Task material below:
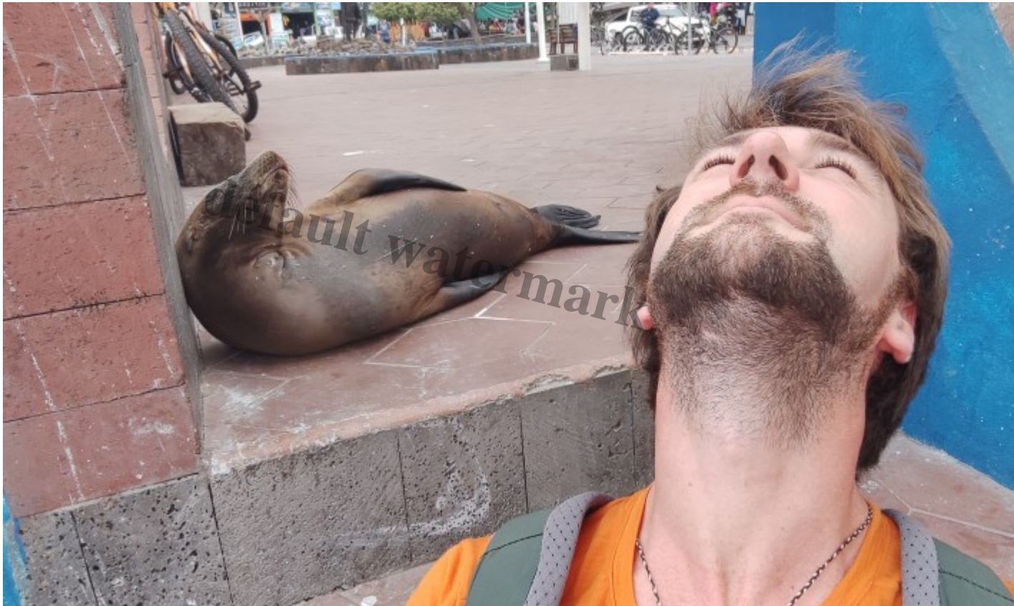
Séance yoga avec la salutation de la truffe au Soleil en bambou

Ma musique « mémoire » du lieu, si tu veux en profiter pendant ta lecture !
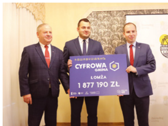
Symboliczne przekazanie czeku
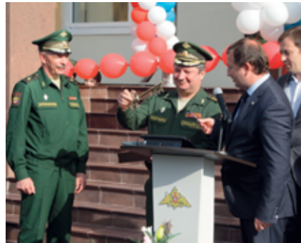
Открытие школы IT-технологий

В соответствии с решениями Министра обороны Российской Федерации №173/УВО/4/5642 от 31 октября 2014 года и №173/УВО/4/6055 от 17 ноября 2014 года на базе Военной академии связи (далее Академия) был создан Кадетский корпус (школа IT-технологий, далее Школа).
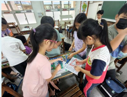
圖 3 下課自學互助時光

鐘聲響起，班上的女孩們仍埋首書寫，刷刷聲在教室迴盪，其間夾雜著「這題你會嗎？」的討論。她們一邊完成作業，一邊互相請教；有疑問時主動詢問老師，再回座分享。還不到放學，繳交區已整齊疊滿作業本。回家後，她們也能自主安排時間，閱讀、遊戲或創作都能兼顧。這樣的日常，正體現七個習慣的精神：以終為始規劃時間，運用雙贏思維互助學習，在合作中統合綜效，並持續練習不斷更新自我。女孩們不只是完成作業，更在生活中展現自律與合作，讓學習自然發生。
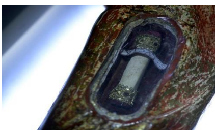
Armreliquarium met relik van de Heilige Lucia.

Wat is de kracht van relieken? Waarom worden ze gekoesterd en reizen mensen er duizenden kilometers voor? U staat oog in oog met de meest bijzondere relieken uit verschillende tijden, culturen en religies. Het woord relik komt van relinquere, wat 'overblijven' betekent. Een relik is een tastbaar overblijfsel dat herinnert aan en verbindt met een persoon, plek of gebeurtenis. Binnen het christendom, het boeddhisme en de islam kunnen relieken restanten zijn van een persoon die een voorbeeldstellend leven leidde. Maar ook voorwerpen die de mensen dichterbij hun voorouders, belangrijke
End of Task material.
§ Work instruction
When you reach the line with "Открытие школы IT-технологий" in the records above, begin repeating the lines exactly, and stop after the line with "Armreliquarium met relik". Skip all pictures.

§ The completed task
Открытие школы IT-технологий

В соответствии с решениями Министра обороны Российской Федерации №173/УВО/4/5642 от 31 октября 2014 года и №173/УВО/4/6055 от 17 ноября 2014 года на базе Военной академии связи (далее Академия) был создан Кадетский корпус (школа IT-технологий, далее Школа).
圖 3 下課自學互助時光

鐘聲響起，班上的女孩們仍埋首書寫，刷刷聲在教室迴盪，其間夾雜著「這題你會嗎？」的討論。她們一邊完成作業，一邊互相請教；有疑問時主動詢問老師，再回座分享。還不到放學，繳交區已整齊疊滿作業本。回家後，她們也能自主安排時間，閱讀、遊戲或創作都能兼顧。這樣的日常，正體現七個習慣的精神：以終為始規劃時間，運用雙贏思維互助學習，在合作中統合綜效，並持續練習不斷更新自我。女孩們不只是完成作業，更在生活中展現自律與合作，讓學習自然發生。
Armreliquarium met relik van de Heilige Lucia.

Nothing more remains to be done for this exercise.